I hope this doesn't offend anyone. My wife went to a Christmas party on Friday and got a some earmuffs as a present. I didn't want to start a new thread but I wanted to share a photo of her horse wearing the earmuffs. It's hilarious, we think. Beware some may consider it nudity.








He's kind of a perverted horse. He loves boobs and will nuzzle his face into them. Now he has some on his head.

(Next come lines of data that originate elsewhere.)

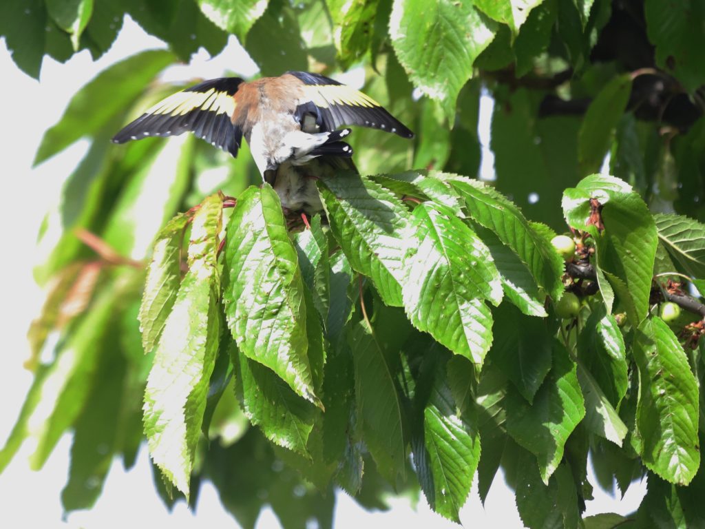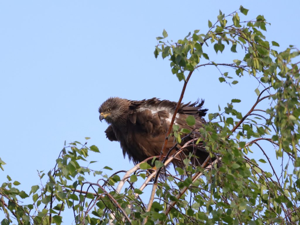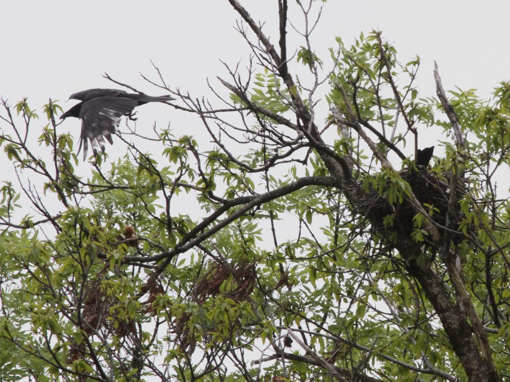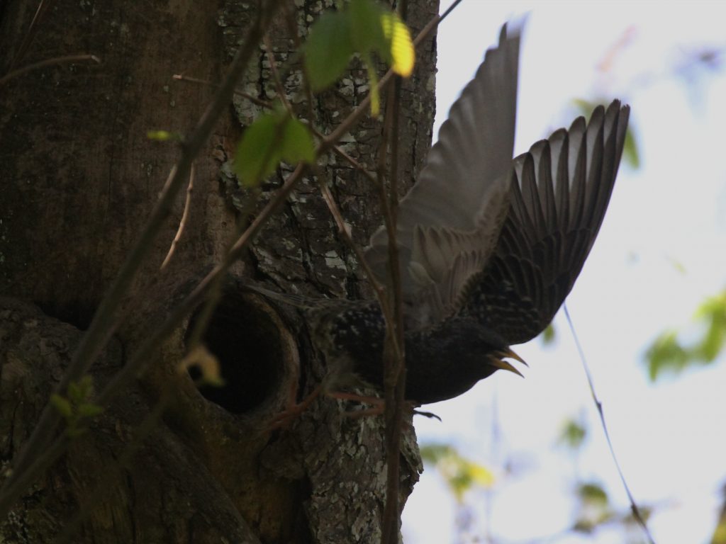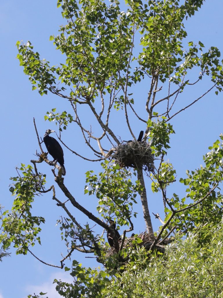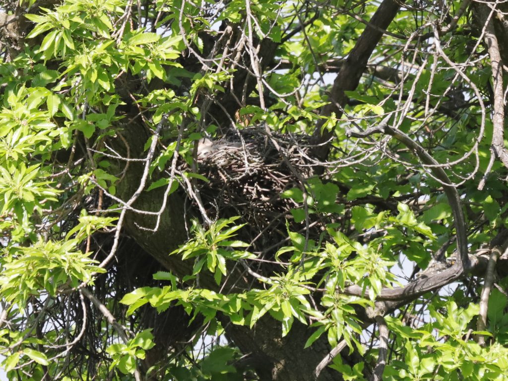 Les Milans noirs, qui couvaient encore la semaine dernière, sont maintenant dans l’obligation de nourrir leurs poussins. Je n’ai pu voir s’il y en avait deux ou trois. Si les feuilles ne se développent pas de trop, je pourrai contrôler dans quelques jours, quand ils seront plus grands.
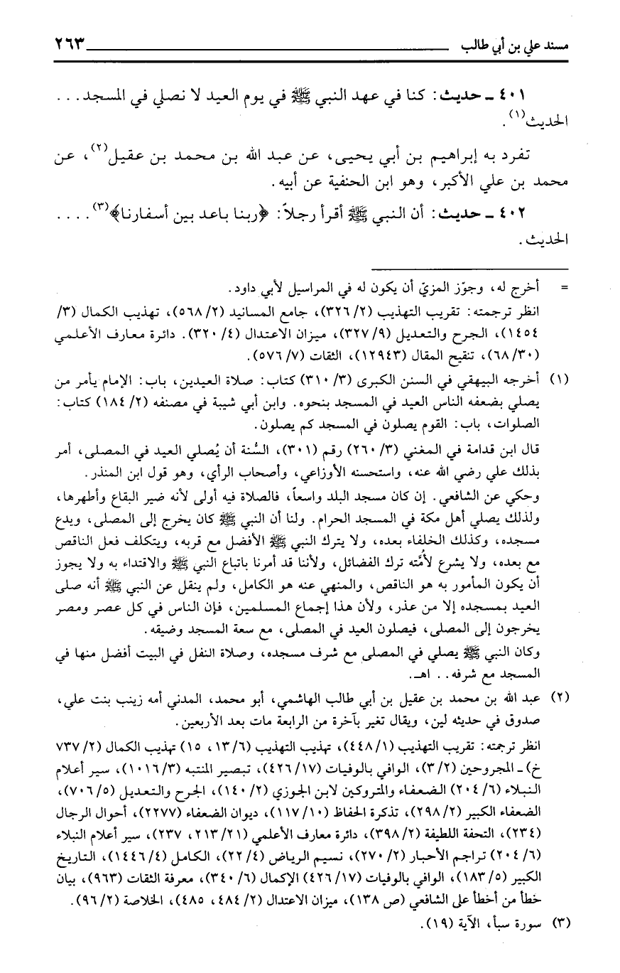 401 - حَدِيث: كُنَّا فِي عهد النَّبِي فِي يَوْم الْعِيد لَا نصلي فِي الْمَسْجِد ... الحَدِيث.
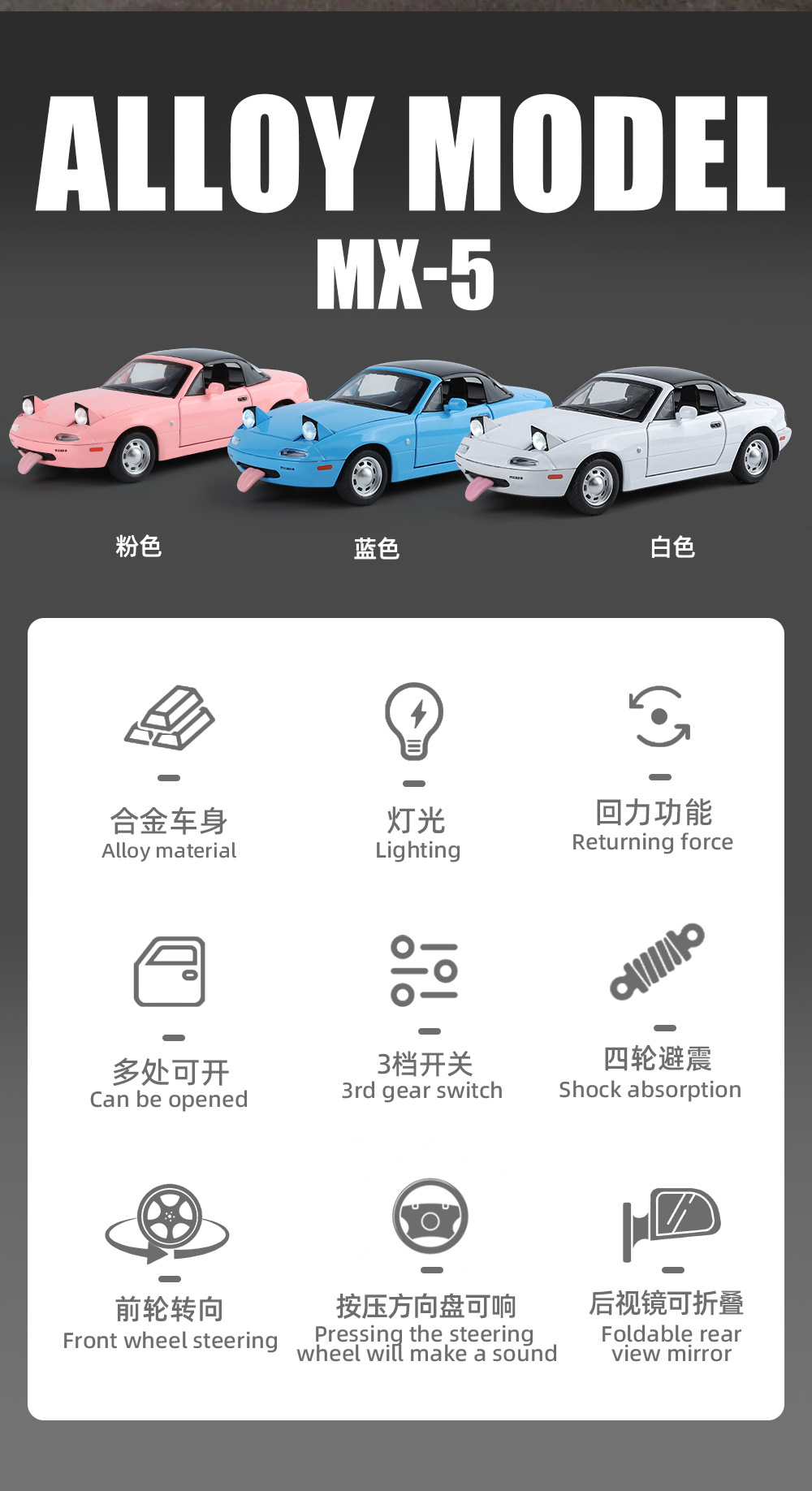 Nuevo modelo de coche de aleación Haodi 1 a 24 Mazda MX5 coche deportivo con retorno de luz y sonido coche de juguete modelo de sonido
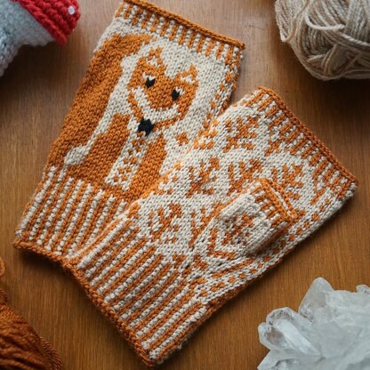 These cozy What The Fox Fingerless Mittens blend traditional Norwegian Selbu-style knitting with a whimsical woodland twist. These stranded colorwork mittens feature an adorable fox motif on the back of the hand, while the palm showcases an elegant repeating leaf pattern, bringing the beauty of nature to your fingertips.

I apologize if I offened anyone.


----------



## HarleyWood (Oct 14, 2011)

Well these are my three boys.the first is of all three the little bay paint is Cody hes 3, the big bay is my QH whos 13 and the big black and white paint is my 4 year old. the second and third is my 4 year old second is him in my new saddle. third is a week or 2 after i got him.


----------



## CopperPenny18 (Nov 6, 2011)

This is my my paint gelding, Copper Penny. He is 4 years old. This is my favorite picture of him.


----------



## Cheyennes mom (Aug 6, 2010)

^^aww you're horse is soo cute!! 
omg I love that breast collar!! So pretty!


----------



## CopperPenny18 (Nov 6, 2011)

Cheyennes mom said:


> ^^aww you're horse is soo cute!!
> omg I love that breast collar!! So pretty!


Haha. Thanks!


----------



## Clayton Taffy (May 24, 2011)

us and pets, I want to see a photo of your wife wearing her new ear muffs..... in public.


----------